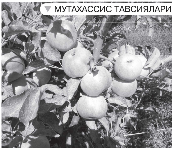
▼ МУТАХАССИС ТАВСИЯЛАРИ

Вертикал симбағазда ўстирилувчи ҳосилдор токни умумқабул қилинган технология бўйича кесиш зарур. Кесиш вақтида тупларда меъёридан 20-25 фоиз қўшимча кўзлар қолдирилади. Кучли ўсадиган Пушти тоифи, Нимранг, Ҳусайни, Қоракишмиш каби навларда кўзлар кўпроқ қолдирилиб, узунроқ кесилади. Бир тупда 200-300 тагача кўз қолдирилади. Ўртача ўсувчи Ркацителли, Саперави, Мускат навларида кўзлар сони
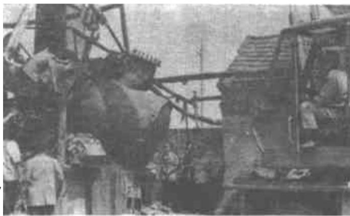
△我市油区治理第二战役,以取缔非法土炼油、小化工和各种非法收购点为重点,展开全面深层次治理。图为油区工作人员正在东营区拆除土炼油。

本报讯 市妇联和市保险公司联合举办的“权益保障法”《妇女权益保障法》知识竞赛,历时4个多月,于近日圆满结束。此次知识竞赛共发放答卷13000份,参考资料1200份,约有2万多人参加答卷,试卷回收率达99%以上。通过知识竞赛,使广大群众进一步了解了人身保险知识,提高了投保入
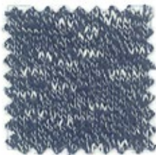
MARL RIF. 101 Ne 30/3 (Nm 3/50) 100% cotone
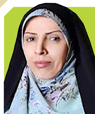
● عالییه زمانی ساری و میانرود
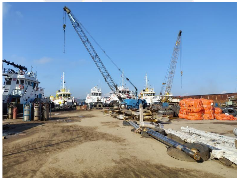
Gambar 2.3 Perbaikan Kapal

Perusahaan Dok Pendingin menangani berbagai jenis kapal yang membutuhkan perawatan, perbaikan, dan pengecekan kondisi operasional. Gambar 2.3 sampai gambar 2.7 menunjukkan dokumentasi visual dari beberapa kapal yang sedang dalam proses perbaikan di area kerja perusahaan, mulai dari tahap pemeriksaan, pembongkaran komponen, hingga proses pemeliharaan menyeluruh. Dokumentasi tersebut menunjukkan aktivitas operasional perusahaan secara langsung dan menunjukkan ruang lingkup pekerjaan yang cukup kompleks yang membutuhkan koordinasi antar divisi.
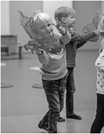
Für die Jüngsten an der Musikschule starten im April neue Kurse.

Einige Kurse der „Rhythmisch-musikalischen Früherziehung“ sind bereits ausgebucht, es lohnt sich der Blick auf die Homepage der Musikschule. Auf www.jms-schorndorf.de findet man neben weiteren Informationen auch Kurszeiten und Hinweise auf belegte Kurse.
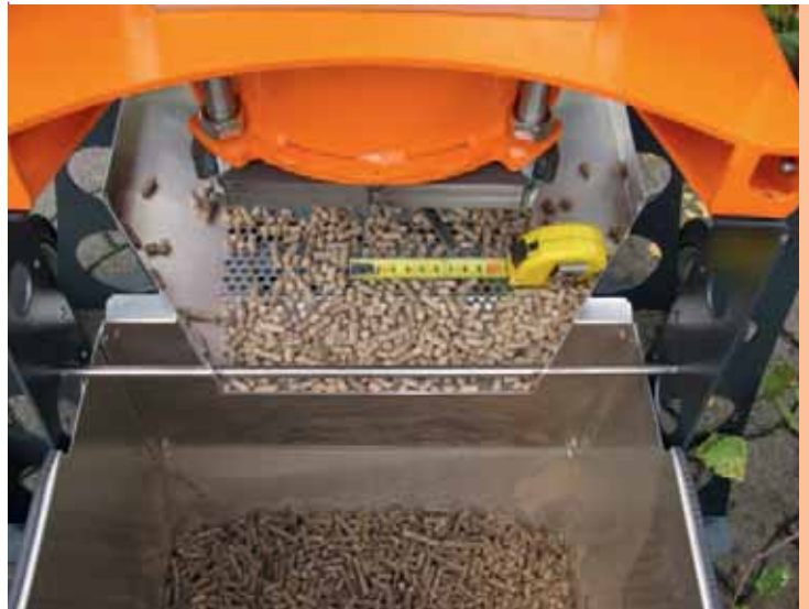
Beispiel geförderter Maßnahmen: Ecoworxx Pelletmaker für die Eigenherstellung von Dünger-, Einstreu- oder Futter-Pellets aus unterschiedlichsten Biomassen – Markteinführung mit Innovationsförderung des BMELV über die LR.

förderfähig. Ebenso kann die Schaffung eines ersten, nicht zur kommerziellen Nutzung geeigneten Prototyps sowie erster Demonstrations- und Pilotprojekte gefördert werden. Studien können bei Unternehmen (KMU) bis zu 50% und bei Forschungseinrichtungen mit öffentlich-rechtlichem Auftrag bis zu 100% gefördert werden. Sachkosten, z. B. zur Erstellung eines Prototyps, können bei mittleren Unternehmen bis zu 35%, bei kleinen Unternehmen bis zu 45% und bei Forschungseinrichtungen mit öffentlich-rechtlichem Auftrag bis zu 100% der zuwendungsfähigen Ausgaben bzw. Kosten gefördert werden. Die Förderung ist formlos bei der BLE – Projektgruppe Innovationsförderung – oder beim BMELV zu beantragen.
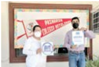
EL COLEGIO MOTOLINIA recibió el distintivo de Escuela Segura

se otorgó el distintivo de ESCUELA SEGURA por parte de COEPRIS ya que se logró cumplir con todos los lineamientos que se necesitaban para poder regresar a clases próximamente.
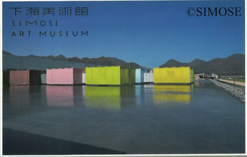
下瀬美術館 SIMOSE ART MUSEUM
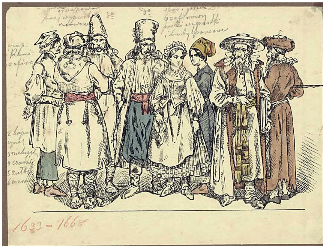
Ilustracja 1. Żydzi i włościanie w latach 1633-1668. Od lewej czterech włościan, dwie włościanki i dwóch Żydów. Niedokończone kolorowanie ryciny.

Litografia Jana Matejki z serii Ubiory w Polsce 1200-1795 , nr 70.

========================================

HOW TO COMPLETE THIS TASK: Which part of the entries opens with the line containing "Вертикал симбағазда ўстирилувчи" and closes with the line containing "Gambar 2.3 Perbaikan Kapal"? Output that part exactly, ends included, pictures excluded.

THE COMPLETED TASK:
Вертикал симбағазда ўстирилувчи ҳосилдор токни умумқабул қилинган технология бўйича кесиш зарур. Кесиш вақтида тупларда меъёридан 20-25 фоиз қўшимча кўзлар қолдирилади. Кучли ўсадиган Пушти тоифи, Нимранг, Ҳусайни, Қоракишмиш каби навларда кўзлар кўпроқ қолдирилиб, узунроқ кесилади. Бир тупда 200-300 тагача кўз қолдирилади. Ўртача ўсувчи Ркацителли, Саперави, Мускат навларида кўзлар сони
△我市油区治理第二战役,以取缔非法土炼油、小化工和各种非法收购点为重点,展开全面深层次治理。图为油区工作人员正在东营区拆除土炼油。

本报讯 市妇联和市保险公司联合举办的“权益保障法”《妇女权益保障法》知识竞赛,历时4个多月,于近日圆满结束。此次知识竞赛共发放答卷13000份,参考资料1200份,约有2万多人参加答卷,试卷回收率达99%以上。通过知识竞赛,使广大群众进一步了解了人身保险知识,提高了投保入
MARL RIF. 101 Ne 30/3 (Nm 3/50) 100% cotone
● عالییه زمانی ساری و میانرود
Gambar 2.3 Perbaikan Kapal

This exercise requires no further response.